With increasing neurobiological knowledge, it becomes clearer that the problem with finding truth is not a scientific problem, nor primarily a social one, but has more to do with a special function of our brains. With the functional lateralization of the two brain hemispheres, we create the competing world experience within ourselves. Both brain halves are structurally and functionally different. The usually left brain hemisphere looks for what it already knows and what fits into its existing ideas, the already learned. The other, the right brain hemisphere, looks for everything that is new and processes even the most complex contexts. This brain hemisphere dreams and contributes to creative, spatial ideas and is also an important basis of emotions. The asymmetry of the brain is phylogenetically old and can be found in all vertebrates. The different function can be as simple as in the chicken, which differentiates grains from pebbles with the right eye and the associated left brain during food search, while the left eye with the right brain turns to everything new, unknown, perceives changes in the environment and recognizes danger from predators. We also see the corresponding head turn for better perception of the unknown in horses.

We need and use both brain hemispheres for all our functions (language, art, mathematics). But the different attentions lead to different constructs, images, ideas about the world, to different realities, which can appear contradictory, incompatible or paradoxical (Reiber 2017c).

The complexity of our individual world experience is already evident in the details of optical signal processing in the brain, e.g. in the function of the lateral geniculate body (Corpus geniculatum laterale) of the visual pathway. In this control center between the retina of the eye and the visual cortex, it is decided, based on the inputs of all possible further sensory impressions, including emotions, what of the images captured in the retina will ultimately be forwarded to the cortex for processing.
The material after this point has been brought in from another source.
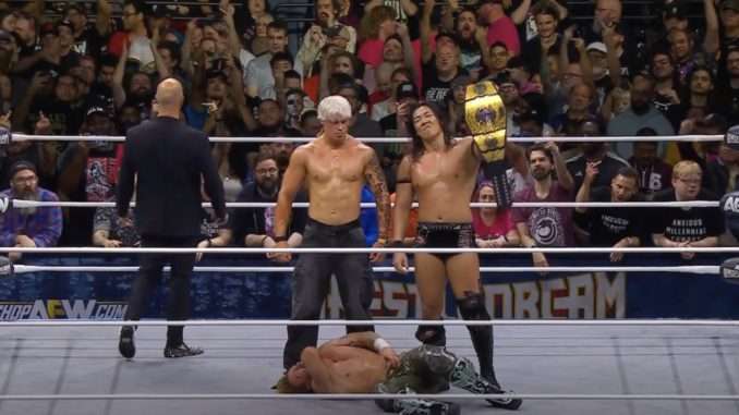 At the end of a breathtaking three-way match, Kyle Fletcher betrayed Will Ospreay to hand the AEW International Title win to Konosuke Takeshita.

Since these diverse sensory inputs at the lateral geniculate body have also arisen in subjective learning processes, one could also say, we only see what we have learned to be important for us, or also, we only see what we can or want to see.

The consequences of this divided world of experience with the control mechanisms in our brains are not only evident in the ongoing coexistence of competing scientific theories, but also in social beliefs and disputes, for which the current Covid discussion is one of many smaller examples. A more existential version of different “experience-based” perceptions of the world is the international climate discussion.

From the variety of contexts in the philosophy of science, we learn that many of the mechanisms that stand in the way of implementing new insights are of biological orgin and are subject to learning processes. Just as epigenesis has repeatedly prevailed against creation models, a more complex thinking of the right brain could also prevail against the currently predominant linear cause-effect mechanisms. From what has been said, it is clear that this requires both learning processes of the researching, acting individual as well as much more difficult to effect changes in our capitalist and ideologically oriented societies. We should be able to give more space in our thinking and actions to the qualities emerging from connectivity of all living things and their complex dynamics.